To determine the minimum number of migration streams into Micronesia needed to explain the data, we computed a statistic f4(X, New Guinea Highlanders; Kankanaey Igorot, Australian) proportional to FRO ancestry and correlated it to statistics sensitive to different types of East Asian and Papuan-associated ancestry (9). We identified at least five distinct migratory streams, as follows.
(M1 to M3) Three streams of FRO migration into Micronesia including a previously unknown lineage. We plotted a statistic measuring affinity to the two previously identified (7, 28) lineages FROSouthwestPacific and FROMarianas, specifically, f4(X, New Guinea Highlanders; Lapita, Unai) against our statistic measuring overall FRO ancestry proportion. All populations from the southwest Pacific and Polynesia fall on a line with a positive slope, implying closer affinity to Lapita than to Unai consistent with the Lapita-associated lineage being the source of their East Asian–associated ancestry (all residuals |Z| < 2 after regression; Fig. 3B and fig. S9B). Individuals from Central Micronesia (Pohnpei and Chuuk, and some other present-day Micronesians) also closely track the line (all residuals |Z| < 2), suggesting FRO ancestry from the Lapita expansion. By contrast, present-day individuals from Palau and the Mariana Islands yield negative f4-statistics (all residuals |Z| > 4), implying FRO sources less closely related to the Lapita individuals (tables S12 and S13). We confirmed with f4-symmetry statistics that all the prehistoric Remote Oceanian groups with nearly entirely East Asian–associated ancestry (Lapita, Unai, and Latte) descended from a common ancestral FRO population (table S22), which split earlier from the ancestors of indigenous and Iron Age Taiwanese and even earlier from those of Kankanaey Igorot. A surprise is that despite the fact that the Latte and Unai individuals share more alleles with each other than either group does with Lapita, there is not a simple tree relating these three groups, with the statistic f4(Latte, Unai; Lapita, diverse East Asians) yielding many significant negative Z values (maximum |Z| > 4; table S26). This suggests that the Latte individuals harbor admixture from a basal FRO lineage, which split from the lineages ancestral to Unai and Lapita before they separated from each other, a scenario that fits the data in explicit admixture graph modeling (Fig. 4C and figs. S12 to S15). We call this third lineage FROPalau because the proportion of this lineage is maximized in modern Palauans (where we estimate that it contributes 62% ancestry versus 15% in Latte individuals) (fig. S13A).
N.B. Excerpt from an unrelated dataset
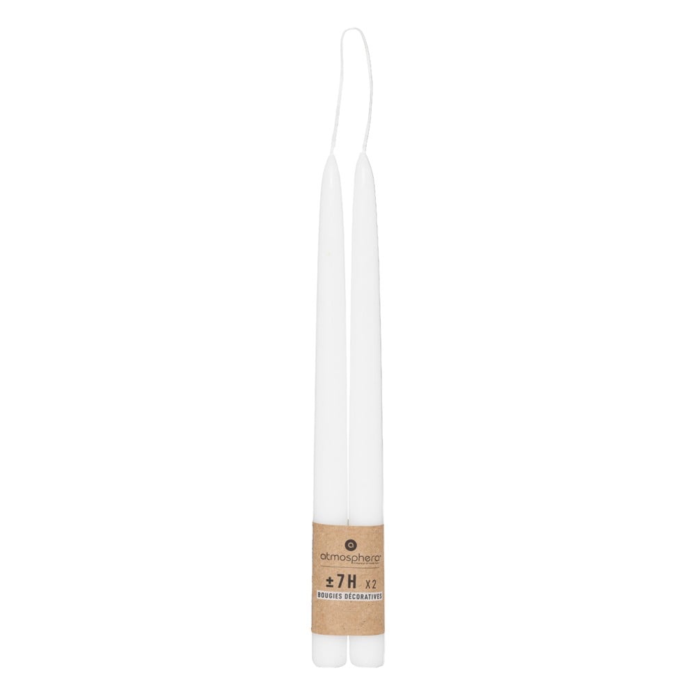 Long "Hugo" candles (packs 2 pieces), made of paraffin, white in color and 30 cm long, are an elegant choice to add a soft lighting and a warm atmosphere to your home. These white candles offer a clean and beautiful decorative element for many environments.

Fig. 3. Different Papuan and East Asian affinities.
(A and B) Test for differential (A) Papuan and (B) FRO affinities using a merge of the 1240K and MEGA data (~169,000 SNPs). Equation 1 (Eq. 1) is computed with all groups from Vanuatu and Polynesians, Eq. 2 with all Micronesian and New Guinea–related groups except those from Guam and Saipan, and Eq. 3 with all present-day groups except Micronesians. We show one standard error in each direction on the y axis. We merged Lapita individuals from Vanuatu and Tonga. See fig. S9 for the same analysis performed on individuals for whom we have ~397,000 SNPs genotyped on a merge of 1240K and Human Origins data.